● **Material provided**:
------------------------
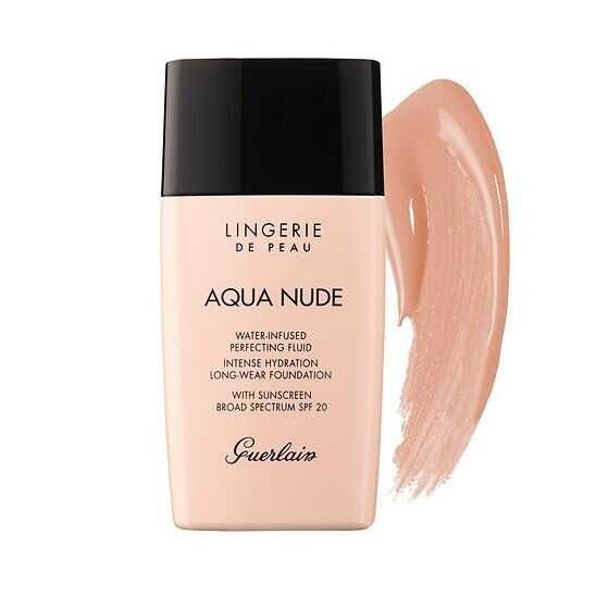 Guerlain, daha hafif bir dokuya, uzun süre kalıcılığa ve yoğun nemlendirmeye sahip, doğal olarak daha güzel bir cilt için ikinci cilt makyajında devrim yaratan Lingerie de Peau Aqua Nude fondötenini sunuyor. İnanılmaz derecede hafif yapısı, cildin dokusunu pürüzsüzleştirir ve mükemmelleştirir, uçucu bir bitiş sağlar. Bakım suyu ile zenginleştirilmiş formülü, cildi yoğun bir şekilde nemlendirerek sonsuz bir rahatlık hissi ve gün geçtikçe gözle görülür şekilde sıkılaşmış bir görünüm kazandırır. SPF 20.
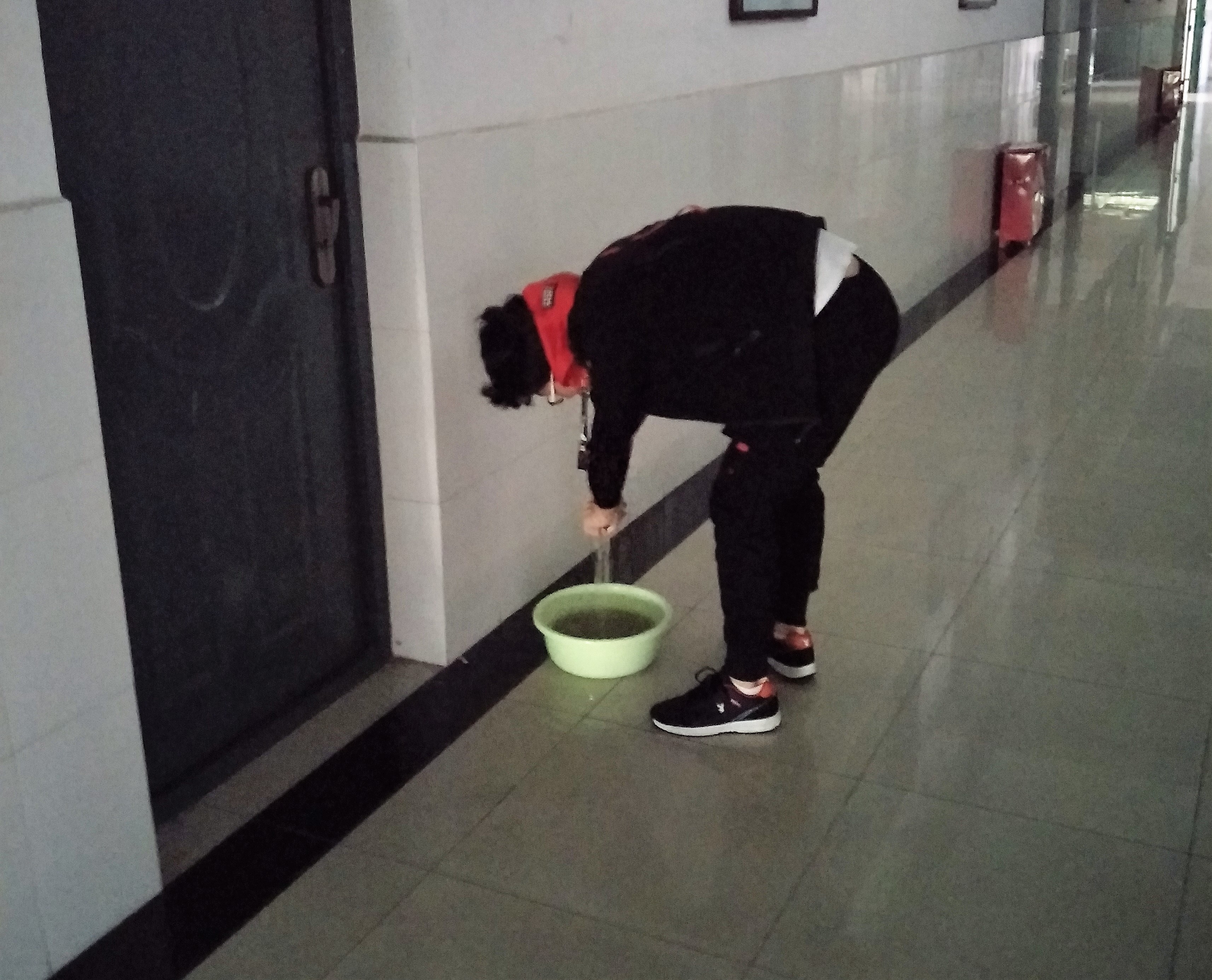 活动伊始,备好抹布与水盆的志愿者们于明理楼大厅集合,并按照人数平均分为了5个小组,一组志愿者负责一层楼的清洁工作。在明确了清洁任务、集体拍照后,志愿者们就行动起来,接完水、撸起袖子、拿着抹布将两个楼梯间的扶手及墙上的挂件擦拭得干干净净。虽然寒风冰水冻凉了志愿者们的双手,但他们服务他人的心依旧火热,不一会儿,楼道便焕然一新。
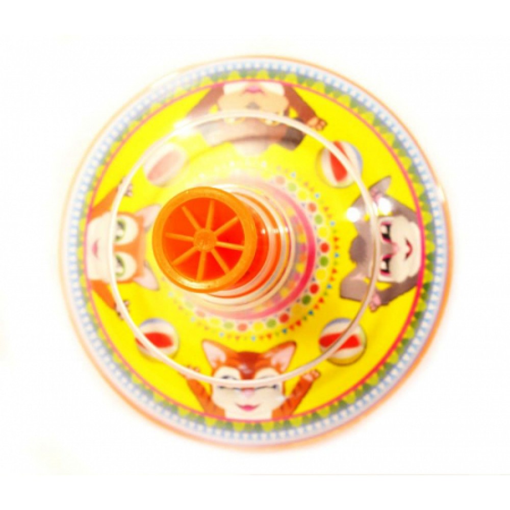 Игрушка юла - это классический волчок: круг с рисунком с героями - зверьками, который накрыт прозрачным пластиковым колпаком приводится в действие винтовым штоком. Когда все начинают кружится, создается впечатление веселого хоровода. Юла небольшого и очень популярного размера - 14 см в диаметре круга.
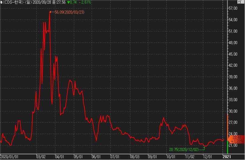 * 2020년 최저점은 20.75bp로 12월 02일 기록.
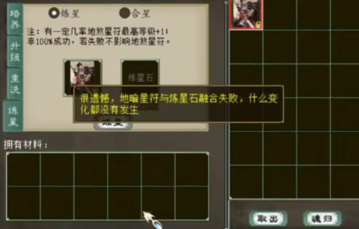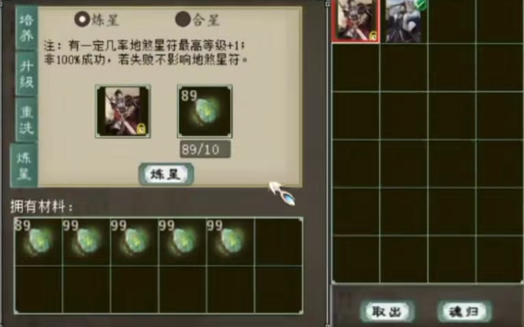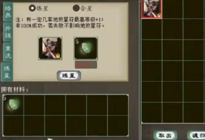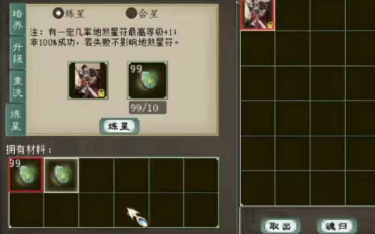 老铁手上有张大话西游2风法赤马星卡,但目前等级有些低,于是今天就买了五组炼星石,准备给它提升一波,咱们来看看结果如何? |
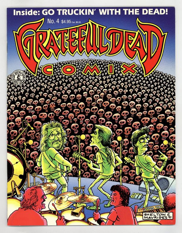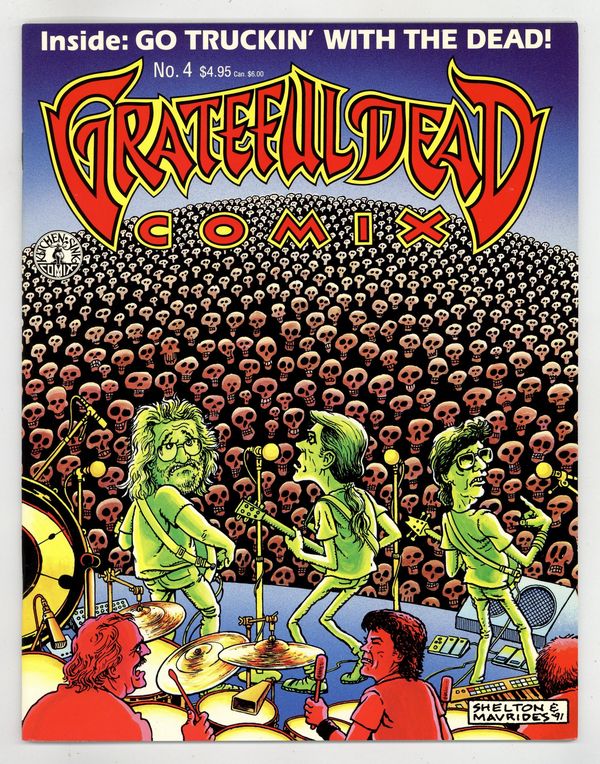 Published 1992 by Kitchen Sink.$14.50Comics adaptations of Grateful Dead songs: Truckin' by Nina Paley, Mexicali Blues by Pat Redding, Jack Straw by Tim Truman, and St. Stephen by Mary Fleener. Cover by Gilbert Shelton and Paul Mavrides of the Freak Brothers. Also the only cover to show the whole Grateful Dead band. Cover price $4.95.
------------------------
● **Problem requirements**: Only the lines from the one containing "Игрушка юла - это" through the last line of the entries belong in the answer, given again exactly. Images stay out.

● **Expected output**:
 Игрушка юла - это классический волчок: круг с рисунком с героями - зверьками, который накрыт прозрачным пластиковым колпаком приводится в действие винтовым штоком. Когда все начинают кружится, создается впечатление веселого хоровода. Юла небольшого и очень популярного размера - 14 см в диаметре круга.
 * 2020년 최저점은 20.75bp로 12월 02일 기록.
 老铁手上有张大话西游2风法赤马星卡,但目前等级有些低,于是今天就买了五组炼星石,准备给它提升一波,咱们来看看结果如何? |
 Published 1992 by Kitchen Sink.$14.50Comics adaptations of Grateful Dead songs: Truckin' by Nina Paley, Mexicali Blues by Pat Redding, Jack Straw by Tim Truman, and St. Stephen by Mary Fleener. Cover by Gilbert Shelton and Paul Mavrides of the Freak Brothers. Also the only cover to show the whole Grateful Dead band. Cover price $4.95.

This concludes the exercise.